Ученики у Николая были прилежные, но до мастерства Гоглидзе им было далеко. Ротмистр закончил бой полной победой, отсалютовал соперникам, стащил с головы маску и вытер пот полотенцем.

— Не желаете размяться, сэнсэй? — спросил он Ларина.

Тот улыбнулся.

— К вашим услугам, князь! Надо же поддержать реноме японской школы…

Они рассмеялись, Ларин начал надевать на себя нагрудник и защиту рук.

— Придется отложить спарринг! — громко произнес Щепкин, подходя к площадке. — До следующего раза.

Ротмистр отсалютовал капитану, шутливо раскланялся.

— Господин начальник!

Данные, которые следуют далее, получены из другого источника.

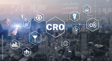 Conversion Rate Optimization. CRO Technology Finance concept Businessman pressing on a virtual screen

Рад видеть вас! Новое задание?

— Именно, — не принял шутливого тона капитан. Он повернулся к Ларину. — Николай Петрович, доброе утро! Оставляю вас руководить занятиями… как всегда. Есть срочные вопросы?

— Доброе утро, Василий Сергеевич. Ничего такого нет. У вас по плану тренировка, потом придет первая группа.

— Тренировку перенесем. Группу возьмите на себя.

Щепкин повернулся к Гоглидзе.

— Зови Григория, примите душ и наверх в кабинет. У вас пятнадцать минут.

Ротмистр вздохнул, но послушно покинул площадку и начал стягивать с себя защиту.

С другого конца зала подошел Белкин. Поздоровался со Щепкиным, выслушал указание и первым направился в раздевалку.

Ларин проводил его задумчивым взглядом и посмотрел на капитана.

— Что-то случилось?

— Пока ничего особенного. Но мы об этом поговорим попозже, Николай Петрович. Хочу узнать твое мнение.

Щепкин отошел к закрепленной в полу фигуре человека, на которой отрабатывались удары, легонько толкнул ее, а потом вдруг врезал локтем по шее. Скрипнули пружины фиксатора, фигура немного отскочила, вернулась обратно и закачалась.

…Известие о краже из здания Генштаба поразило офицеров.

— Как они там охраняют? — злился Гоглидзе. — Кто угодно может прийти и взять что хочешь? Это служба?

— Непонятно, зачем так шуметь? — недоумевал Белкин. — Предатель, если он есть, мог и сам выкрасть документы. Причем тихо, обнаружили бы не сразу.

— Это если он имел доступ к сейфам? — резонно заметил ротмистр. — А если нет? Если он только знал, где что лежит, но проникнуть не мог.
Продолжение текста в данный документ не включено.